Using internet activity data to analyze human resources issues

This special issue of the International Journal of Manpower examines the potentials and challenges of Internet data or Big Data for research in the social sciences with a special focus on human resources issues. Internet data are increasingly representing a large part of everyday life. The information is timely, perhaps even daily following the factual process. It typically involves large numbers of observations and allows for flexible conceptual forms and experimental settings.

The introduction paper by Nikolaos Askitas and Klaus F. Zimmermann on The Internet as a Data Source for Advancement in Social Sciences reviews the issues and surveys the relevant literature. Internet data can be applied to a wide range of issues including forecasting (e.g. of unemployment, consumption goods, tourism, festival winners and the like), nowcasting (obtaining relevant information much earlier than through traditional data-collection techniques), detecting health issues and well-being (e.g. flu, malaise and ill-being during economic crises), documenting the matching process in various parts of the individual life (e.g., jobs, partnership, shopping, preferences), and measuring complex processes where traditional data have known deficits (e.g. international migration, collective bargaining agreements in developing countries).
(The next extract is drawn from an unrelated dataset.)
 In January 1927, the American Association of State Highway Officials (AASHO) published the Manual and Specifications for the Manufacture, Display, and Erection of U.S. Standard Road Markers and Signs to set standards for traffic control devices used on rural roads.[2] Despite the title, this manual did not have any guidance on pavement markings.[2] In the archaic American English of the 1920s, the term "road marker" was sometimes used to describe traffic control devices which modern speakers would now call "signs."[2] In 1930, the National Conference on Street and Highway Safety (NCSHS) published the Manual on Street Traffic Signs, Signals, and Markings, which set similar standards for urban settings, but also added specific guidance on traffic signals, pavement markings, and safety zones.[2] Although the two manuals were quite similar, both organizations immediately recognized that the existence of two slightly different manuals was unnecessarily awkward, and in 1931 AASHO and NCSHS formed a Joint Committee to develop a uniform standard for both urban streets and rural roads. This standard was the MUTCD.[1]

The paper by Emilio Zagheni and Ingmar Weber on Demographic Research with Non-Representative Internet Data addresses the two most critical methodological issues in the use of internet data: non-representativeness and selection bias. It proposes a framework to collect web data and discusses possible estimation methods. The paper also surveys relevant demographic literature, in particular in the area of migration, where useful data about the mobility process are typically scarce in the traditional data sources.

Two papers study well-being from different data sources. Nikolaos Askitas and Klaus F. Zimmermann are examining Health and Well-Being in the Great Recession using Google activity data to trace and document the impact of the 2008 Financial and Economic Crisis on well-being. They are able to confirm previous knowledge from the economics of health, well-being and the business cycle. Martin Guzi and Pablo de Pedraza in their article A Web Survey Analysis of Subjective Well-being employ data from the voluntary web-survey WageIndicator project. They confirm that job characteristics affect job satisfaction and identify spillovers, since satisfaction in one domain affects other domains.
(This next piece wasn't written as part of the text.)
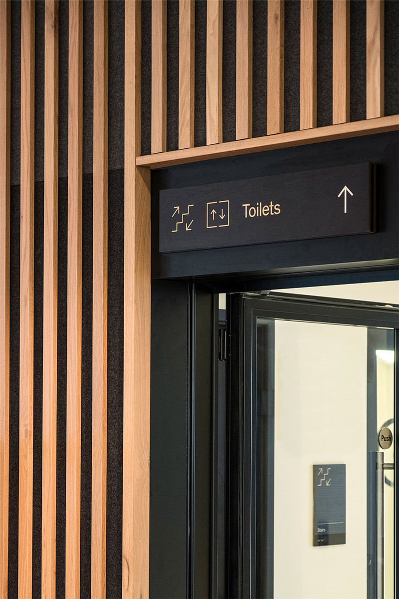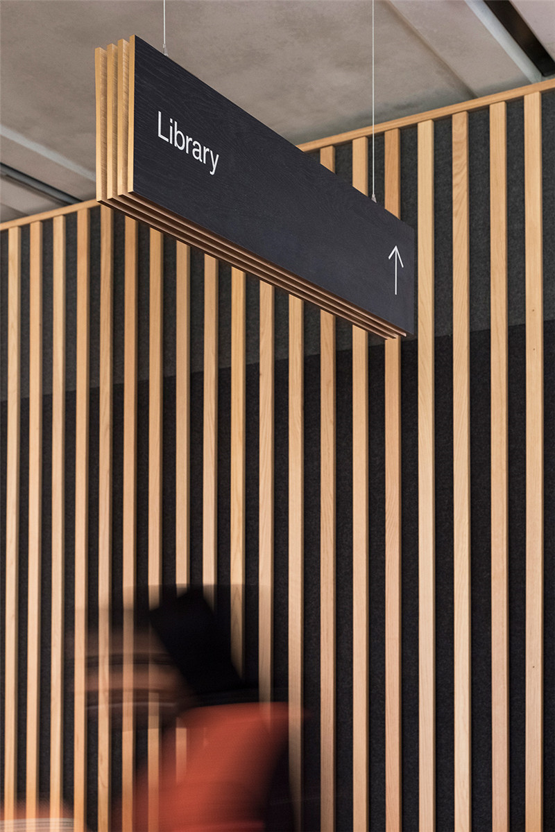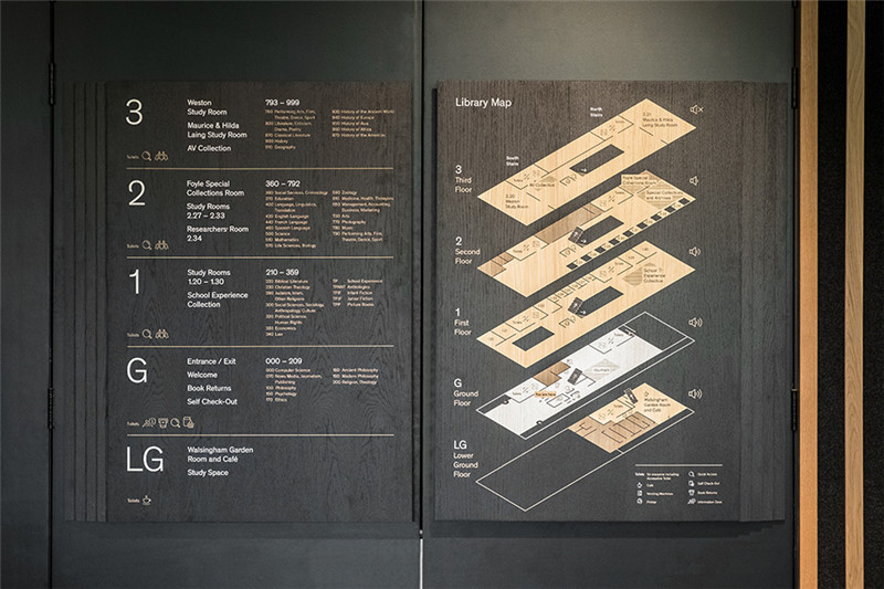 设计灵感来源于优雅、时尚和迷人的奥黛丽赫本,一个精致且美丽的角色。标牌图形引用这种简单时尚的方法,而关键方向标牌的材料分层形式与历史书籍的镀金边缘以及图书馆和学习的悠久传统相呼应。图书馆内清晰易懂的的定位图和位置标牌,能够让每个人很好的了解空间特性,发挥高效的指引功能,更为空间添加引人入胜的亮点。

Margaret Maurer-Fazio and Lei Lei study the Chinese Internet job board labor market in their paper “As Rare as a Panda”: How Facial Attractiveness, Gender, and Occupation Affect Interview Callbacks at Chinese Firms. They examine in a resume audit (correspondence) study, how discrimination derived from gender and facial attractiveness varies across occupation, location, and firms’ ownership type and size. They find that women are generally preferred to men and unattractive job candidates have a disadvantage.
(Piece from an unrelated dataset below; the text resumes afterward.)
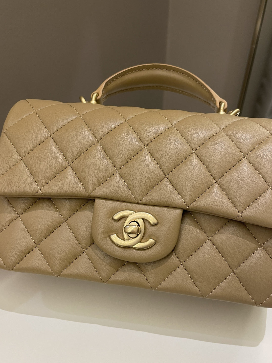 Chanel 22B Quilted Metal Top Handle Mini Rectangular Dark Beige Lambskin

In their paper Comparing Collective Bargaining Agreements for Developing Countries, Janna Besamusca and Kea Tijdens employ for the first time the web-based WageIndicator Collective Bargaining Agreement Database for 11 developing countries. They find that few agreements specify wage levels, but almost all collective agreements have clauses on wages. Their study also documents working hours, paid-leave arrangements and work-family arrangements.

The final paper by Concha Artola, Fernando Pinto and Pablo de Pedraza entitled Can Internet Searches Forecast Tourism Inflows? represents the large literature on using internet data for forecasting purposes. Employing Google activity data, the authors demonstrate that traditional time-series forecasting models for tourism inflows into Spain can be improved using Google activity measures.

This special issue is of interest to researchers in the evolving field to keep them up to date with the developments of the area, to students who want to examine the potential application of such data to their own research, and to the wider public that wants to understand what reality will be faced with in a not so distant future.